Tu te souviens de nous, de ce qu'on a été. Tu te souviens de tout ce qu'on a vécu ensemble ? S'il te plaît, dis-moi que tu n'as pas oublié. On passait toutes nos journées à se parler. Et nos nuits aussi. On était complètement crevés le lendemain matin. Mais on était heureux, alors c'était pas grave. On était les plus heureux du monde. On se racontait toutes nos journées dans les moindres détails. Parfois, on s'appelait juste pour se dire « je t'aime ». Et d'autres fois, on s'appelait pendant des heures. Je me lassais jamais de ta voix. C'était ma mélodie préférée. Celle que j'écoutais avant de m'endormir. Et on a tout fait ensemble. On riait, on pleurait, on s'aidait, on se consolait, on se donnait de l'espoir et surtout, on s'aimait. Je n'ai jamais aimé quelqu'un aussi fort que je t'ai aimé toi. Parfois, je relis nos messages en pleine nuit, lorsque ton souvenir me hante un peu trop. Et je me retrouve à pleurer jusqu'au lever du jour. Dis, ça t'arrive toi de repenser à moi ? Toi aussi, t'entends l'écho de mon rire à chaque coin de rue, ma voix dans le creux de ton oreille la nuit dans ton lit ? Toi aussi, tu sens encore mon parfum flotter dans l'oreille ? Tu vois aussi mon visage à travers chaque personne ? Je t'en supplie, dis-moi que j'existe encore quelque part au fin fond de ton cœur.
Tu as été le rayon de soleil lors des plus imposantes tempêtes. Tu as été l'étincelle dans la pénombre. Tu as été la lune dans la nuit. Tu as été le sourire entre les sanglots. Tu as été la caresse sur mes cicatrices. Tu as été le « je t'aime » parmi les « je me déteste ». Tu as été la voix douce après les cris. Tu as été l'ange parmi mes démons. Tu as été la main tendue lorsque je ne savais plus tenir debout. Tu as été l'espoir aux moments où je n'y croyais plus. Tu as été la vie quand j'ai frôlé la mort.

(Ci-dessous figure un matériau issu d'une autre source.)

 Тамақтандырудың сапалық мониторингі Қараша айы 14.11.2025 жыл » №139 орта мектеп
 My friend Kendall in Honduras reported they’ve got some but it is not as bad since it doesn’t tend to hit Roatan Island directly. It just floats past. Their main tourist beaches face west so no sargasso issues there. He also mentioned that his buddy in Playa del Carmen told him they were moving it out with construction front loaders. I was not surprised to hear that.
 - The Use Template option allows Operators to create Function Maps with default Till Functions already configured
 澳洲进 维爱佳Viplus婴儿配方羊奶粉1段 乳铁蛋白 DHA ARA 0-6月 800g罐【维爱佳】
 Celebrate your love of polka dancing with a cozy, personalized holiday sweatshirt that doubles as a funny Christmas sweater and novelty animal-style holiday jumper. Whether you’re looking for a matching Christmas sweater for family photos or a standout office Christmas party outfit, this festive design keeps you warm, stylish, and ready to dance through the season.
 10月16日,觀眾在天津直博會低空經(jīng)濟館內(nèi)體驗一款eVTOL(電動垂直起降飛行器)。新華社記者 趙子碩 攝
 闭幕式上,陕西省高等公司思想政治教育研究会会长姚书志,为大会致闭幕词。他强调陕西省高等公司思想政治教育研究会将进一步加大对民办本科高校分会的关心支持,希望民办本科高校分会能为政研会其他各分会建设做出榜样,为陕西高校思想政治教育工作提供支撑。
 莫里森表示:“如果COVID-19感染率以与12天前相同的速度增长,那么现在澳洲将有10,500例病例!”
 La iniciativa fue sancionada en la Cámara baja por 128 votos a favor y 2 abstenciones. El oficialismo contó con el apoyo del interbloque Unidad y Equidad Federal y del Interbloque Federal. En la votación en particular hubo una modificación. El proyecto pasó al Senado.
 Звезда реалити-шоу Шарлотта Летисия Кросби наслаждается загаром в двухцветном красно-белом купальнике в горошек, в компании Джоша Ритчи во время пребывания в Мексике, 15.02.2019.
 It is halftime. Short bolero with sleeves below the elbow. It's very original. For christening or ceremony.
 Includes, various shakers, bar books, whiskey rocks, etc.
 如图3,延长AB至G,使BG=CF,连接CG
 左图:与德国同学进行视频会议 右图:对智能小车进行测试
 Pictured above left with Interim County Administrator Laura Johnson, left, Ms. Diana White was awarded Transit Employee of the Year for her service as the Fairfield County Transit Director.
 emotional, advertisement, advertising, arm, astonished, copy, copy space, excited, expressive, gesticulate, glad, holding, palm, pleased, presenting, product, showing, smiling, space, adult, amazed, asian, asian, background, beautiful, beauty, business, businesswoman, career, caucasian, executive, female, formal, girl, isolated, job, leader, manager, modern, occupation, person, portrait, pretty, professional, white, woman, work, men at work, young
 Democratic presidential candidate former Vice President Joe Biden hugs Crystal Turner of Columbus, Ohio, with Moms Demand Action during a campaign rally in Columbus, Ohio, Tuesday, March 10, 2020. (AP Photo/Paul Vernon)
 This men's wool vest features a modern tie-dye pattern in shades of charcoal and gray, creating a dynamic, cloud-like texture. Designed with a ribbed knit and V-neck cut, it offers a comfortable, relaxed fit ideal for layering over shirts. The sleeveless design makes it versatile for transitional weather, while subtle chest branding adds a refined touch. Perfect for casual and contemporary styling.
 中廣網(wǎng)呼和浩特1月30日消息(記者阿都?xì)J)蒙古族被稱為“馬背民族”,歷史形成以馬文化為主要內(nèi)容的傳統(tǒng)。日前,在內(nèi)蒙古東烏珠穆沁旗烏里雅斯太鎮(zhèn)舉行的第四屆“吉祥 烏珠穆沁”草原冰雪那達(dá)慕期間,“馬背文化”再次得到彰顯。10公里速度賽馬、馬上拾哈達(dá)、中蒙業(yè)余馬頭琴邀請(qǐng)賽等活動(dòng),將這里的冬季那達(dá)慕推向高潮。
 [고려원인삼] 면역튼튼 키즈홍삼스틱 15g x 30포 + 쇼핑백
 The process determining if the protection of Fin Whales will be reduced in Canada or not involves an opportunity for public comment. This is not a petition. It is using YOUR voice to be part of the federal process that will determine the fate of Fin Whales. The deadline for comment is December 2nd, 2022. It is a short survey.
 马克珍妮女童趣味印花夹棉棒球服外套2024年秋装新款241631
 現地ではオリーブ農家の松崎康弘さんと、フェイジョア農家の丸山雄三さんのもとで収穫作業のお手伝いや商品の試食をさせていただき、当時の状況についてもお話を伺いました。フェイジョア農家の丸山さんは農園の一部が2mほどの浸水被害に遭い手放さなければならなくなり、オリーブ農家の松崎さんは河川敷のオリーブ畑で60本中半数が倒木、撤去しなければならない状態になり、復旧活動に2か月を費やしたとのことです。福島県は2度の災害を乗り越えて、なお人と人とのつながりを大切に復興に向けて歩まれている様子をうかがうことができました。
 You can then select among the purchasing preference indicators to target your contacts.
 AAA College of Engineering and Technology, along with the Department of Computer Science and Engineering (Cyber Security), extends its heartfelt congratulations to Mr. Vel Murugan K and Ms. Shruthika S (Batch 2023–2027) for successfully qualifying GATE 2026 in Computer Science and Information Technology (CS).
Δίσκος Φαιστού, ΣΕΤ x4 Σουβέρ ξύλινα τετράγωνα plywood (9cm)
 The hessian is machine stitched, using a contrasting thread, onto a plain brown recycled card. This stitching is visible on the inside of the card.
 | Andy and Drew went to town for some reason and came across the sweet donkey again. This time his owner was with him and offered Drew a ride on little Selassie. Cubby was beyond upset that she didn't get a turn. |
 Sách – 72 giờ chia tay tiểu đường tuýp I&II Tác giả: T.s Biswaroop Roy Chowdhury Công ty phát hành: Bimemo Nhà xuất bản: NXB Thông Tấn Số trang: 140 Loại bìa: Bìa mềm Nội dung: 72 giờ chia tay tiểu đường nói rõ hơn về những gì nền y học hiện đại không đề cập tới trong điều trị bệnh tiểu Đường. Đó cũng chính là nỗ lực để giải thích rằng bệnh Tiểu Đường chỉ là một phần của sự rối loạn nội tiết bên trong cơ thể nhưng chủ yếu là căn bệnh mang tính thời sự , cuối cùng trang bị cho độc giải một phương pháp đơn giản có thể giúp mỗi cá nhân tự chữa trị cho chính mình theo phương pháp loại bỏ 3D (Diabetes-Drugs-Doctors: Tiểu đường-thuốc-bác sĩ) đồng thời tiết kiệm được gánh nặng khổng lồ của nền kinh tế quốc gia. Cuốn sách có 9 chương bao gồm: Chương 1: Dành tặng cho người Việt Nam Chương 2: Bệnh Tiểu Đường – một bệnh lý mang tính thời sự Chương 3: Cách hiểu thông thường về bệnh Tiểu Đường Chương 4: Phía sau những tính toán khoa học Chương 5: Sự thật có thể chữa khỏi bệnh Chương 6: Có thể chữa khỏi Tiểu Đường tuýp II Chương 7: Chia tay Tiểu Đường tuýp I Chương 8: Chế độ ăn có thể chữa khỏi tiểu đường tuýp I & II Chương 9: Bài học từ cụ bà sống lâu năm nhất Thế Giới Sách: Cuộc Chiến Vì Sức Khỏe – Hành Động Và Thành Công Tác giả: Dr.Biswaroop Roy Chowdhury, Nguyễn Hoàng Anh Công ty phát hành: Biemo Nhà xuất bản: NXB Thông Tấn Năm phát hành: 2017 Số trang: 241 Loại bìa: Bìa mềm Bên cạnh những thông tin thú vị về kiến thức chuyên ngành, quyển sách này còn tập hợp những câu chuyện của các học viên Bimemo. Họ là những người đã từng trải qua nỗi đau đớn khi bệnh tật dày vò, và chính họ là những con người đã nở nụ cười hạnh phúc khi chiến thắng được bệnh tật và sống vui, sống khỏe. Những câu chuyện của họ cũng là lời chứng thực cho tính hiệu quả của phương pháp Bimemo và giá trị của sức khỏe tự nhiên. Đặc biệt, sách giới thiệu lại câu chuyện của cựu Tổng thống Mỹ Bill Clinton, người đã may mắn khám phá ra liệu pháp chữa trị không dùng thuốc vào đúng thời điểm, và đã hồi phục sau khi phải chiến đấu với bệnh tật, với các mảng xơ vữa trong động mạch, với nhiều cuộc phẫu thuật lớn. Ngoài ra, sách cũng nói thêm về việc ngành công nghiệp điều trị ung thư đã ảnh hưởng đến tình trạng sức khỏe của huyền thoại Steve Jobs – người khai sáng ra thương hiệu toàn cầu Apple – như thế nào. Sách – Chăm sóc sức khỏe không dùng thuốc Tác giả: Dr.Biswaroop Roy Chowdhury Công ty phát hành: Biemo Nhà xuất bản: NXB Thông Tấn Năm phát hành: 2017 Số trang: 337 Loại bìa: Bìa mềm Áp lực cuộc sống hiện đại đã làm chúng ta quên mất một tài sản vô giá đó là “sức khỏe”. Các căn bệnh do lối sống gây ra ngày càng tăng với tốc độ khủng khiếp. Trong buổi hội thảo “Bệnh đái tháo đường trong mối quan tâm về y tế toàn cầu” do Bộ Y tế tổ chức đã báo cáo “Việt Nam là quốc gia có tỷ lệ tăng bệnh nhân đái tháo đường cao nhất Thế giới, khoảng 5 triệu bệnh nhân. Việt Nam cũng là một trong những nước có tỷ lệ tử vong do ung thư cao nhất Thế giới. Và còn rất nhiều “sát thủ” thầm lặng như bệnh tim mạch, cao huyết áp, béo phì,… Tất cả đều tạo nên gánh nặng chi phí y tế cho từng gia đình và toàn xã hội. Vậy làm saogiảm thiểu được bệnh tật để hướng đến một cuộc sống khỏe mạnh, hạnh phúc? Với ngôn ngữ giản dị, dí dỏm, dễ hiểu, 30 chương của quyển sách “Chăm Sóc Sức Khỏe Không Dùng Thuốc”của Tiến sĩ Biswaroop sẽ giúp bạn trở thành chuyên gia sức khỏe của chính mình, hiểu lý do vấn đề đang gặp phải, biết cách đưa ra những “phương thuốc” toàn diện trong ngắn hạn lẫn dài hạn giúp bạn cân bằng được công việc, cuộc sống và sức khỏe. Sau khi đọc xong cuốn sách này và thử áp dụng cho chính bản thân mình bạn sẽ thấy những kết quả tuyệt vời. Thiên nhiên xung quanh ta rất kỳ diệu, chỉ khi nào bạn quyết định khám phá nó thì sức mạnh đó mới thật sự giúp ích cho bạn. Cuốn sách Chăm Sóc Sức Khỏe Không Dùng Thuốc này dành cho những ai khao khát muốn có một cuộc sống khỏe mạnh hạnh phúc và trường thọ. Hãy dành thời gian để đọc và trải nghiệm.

Quelquefois, je voudrait me laisser sombrer. Tout me semble dénué de sens, l'espoir manque en mon être. Alors tu sais, il y a des soirs durant lesquels je cesse mes activités en me demandant la raison de celles-ci. Par ces interminables réflexions, je me rends simplement compte que rien n'a d'importance lorsque le futur est incertain. La vie existera toujours sans ma présence, les gens poursuivront leur train de vie, leur bonheur ne s'affaiblira, les visages ne s'éteindront pas. En fait, rien ne changera. Je crois que leur indifférence est une raison supplémentaire de mon départ. Je pense que le monde ne pourra qu'être meilleur sans ma présence. Mais je reste dans l'attente, à l'affût de la moidre occasion. Je prends mon mal en patience afin de trouver la plus belle manière de m'envoler. Je ne sais combien de fois je m'écroulerai dans un long couloir sans vie, combien de fois j'hurlerai sous la pluie battante. Je ne connais pas la durée de la période durant laquelle je devrai encore étouffer ma peine au fond de mon être. Mais chaque soir, je regarderai les larmes aux yeux le temps défiler dans la même ruelle sombre.
Même si l'envie n'y est plus, souris. Souris à en oublier tes problèmes. Souris à en oublier que le monde est si laid. Souris à t'en cramer. Souris jusqu'à la fin. Souris simplement parce que chaque jour est une raison d'être heureux.
Je souffre encore, tu sais. Et la souffrance fera d'ailleurs toujours partie de ma vie. Elle sera toujours présente pour me rappeler que le teint rosé du coucher de soleil se noircit à la nuit tombée. Mais il ne faut jamais oublier que, tout comme le bonheur, la souffrance est éphémère. Les nuits peuvent sembler longues, voire interminables. Mais le soleil revient toujours. Toujours, crois-moi.
Il y a des fois, tu sais, où même les mouchoirs sont incapables de sécher les peines. Souvent, mon cœur a cesser de battre. Mais il arrivait aussi des fois où c'est mon corps qui a arrêté de se battre. Alors, tu sais, c'est ces soirs-là que ma voix s'est brisée à trop hurler. Que mes poings se sont détruits à trop frapper. Que mes bras ont été saccagés à trop dessiner. C'est ces soirs-là que quelque chose s'est éteint en moi.